Мы идем. Ищем прохлады.
От Дуная веет тень, водяная холодная блажь. Ветер дует в лицо, унося все хоть какие-нибудь темные мысли в даль, туда, где им место. Разве может быть им место здесь – в этом раю?!
Проезжает трамвайчик. Замечаем, что люди там сами кутят педали, и он едет. В трамвайчике стоит джазовая певица и поет. Ни одного фантика, ни одного окурка, ни одной пылинки (грязь здесь отсутствует как физическое явление). Вот памятник Шекспиру, изогнувшемуся в поклоне перед чем-то величественным – этой чистоте ли? Этой окаменелой красоте? Перед величием Дуная? Дунай течет полноводно, весело, с шумом. Он как бы создает горизонталь города, а холмы – вертикаль.
Какое же было счастье!
Я возвращаюсь взором в черно-белую парализованную (зачеркиваю), онемевшую (так!) реальность – кровать, телевизор, работающий кондиционер и опухоль.
Я закрываю глаза и переношусь туда, где не может быть опухолей, где все счастливы на пленке моей памяти, которую я просматриваю только в особых случаях, чтобы она не состарилась. Будапешт! Как ты прекрасен! Окаменевший сон, мираж! Унеси меня, если можешь! Ты ведь всемогущ! Унеси от этой реальности! Этого не может быть! Как у меня, у самого лучшего и талантливого в мире, может быть опухоль мозга?! Это все страшный сон! А ты реальность. Ответь мне.
Я опять открываю глаза. Обои. Ветер с Дуная, кажется, еще на меня дует, но постепенно стихает. Все отступает. Остается только жаркое чувство счастья. Тикают часы. Тик-так-тик-так. Что будет завтра?

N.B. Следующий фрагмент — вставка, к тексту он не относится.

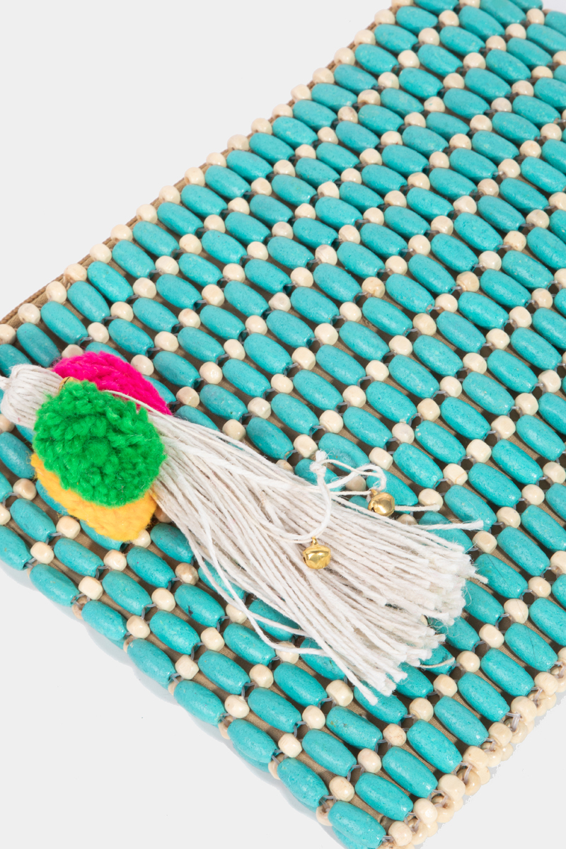 - This bag displays a fashionable wooden beaded rectangle style. Witness the perfect fusion of style and functionality as this bag effortlessly complements your lifestyle.

«Я был счастлив три минуты», – записывает Лев Толстой в дневнике.
И я. Три минуты абсолютного счастья.
Это воспоминание как-то согревает меня, я в него кутаюсь, чувствую вкус мороженого, шум волн, звон колоколов…
Почему я это вспоминаю? Не знаю. Просто если это мое воспоминание со мной, то и жизнь не кончена? Как-то так. Оно во мне. Живет себе помаленьку. Лишь, когда нужно, подмигнет солнечным зайчиком и уползет дунайской блестящей ящеркой.
Еще я вспоминал Париж.
Второе мое абсолютное счастье.
Мы поднимались на Эйфелеву башню. Сумерки. Поразительно, весь Париж мигает. «А! Потому что все фотографируют Эйфелеву башню!» – смекнул Штирлиц! В самом деле, тысячи святящихся вспышек мигали нам. Я поднимаюсь со своей девушкой. Ноги, тренированные многомильными прогулками по Парижу, не устают. Сумерки превращаются постепенно в прозрачную пелену, а она – в темноту. Вот, наконец, смотровая площадка – все видно: и Сакре-Кер, и Нотр-Дам, и Елисейские Поля, конечно. Тысячеглазая амальгама города. Как бы перевернутое звездное небо. Только сейчас понимаешь, как высоко забрались. Сена переливается где-то внизу. Фонари, фонари, фонари… Еще не везде зажглись, но уже на подходе. Перила смотровой площадки, а дальше аккордеонный, воздушный, ночной Париж…
…Я переворачиваюсь к стенке, закрываю уставшие, безумно уставшие глаза, и на изнанке век опять вижу Париж, его узоры огней. Их все больше и больше. Не хватает глаз. Я фотографирую, пытаюсь остановить мгновенье, но тщетно.
Париж с его свободой, Эйфелевой башней, картавым «эр», бесконечными кафе с непрожаренным мясом, вином, поэзией и Люксембургским садом…
Кутаюсь в воспоминание, отворачиваюсь от реальности, не хочу просыпаться… Хочу досмотреть сон про Париж.
Укрываюсь воспоминанием как пуховым, разноцветным одеялом, заворачиваюсь в него и продолжаю смотреть фильм про счастье.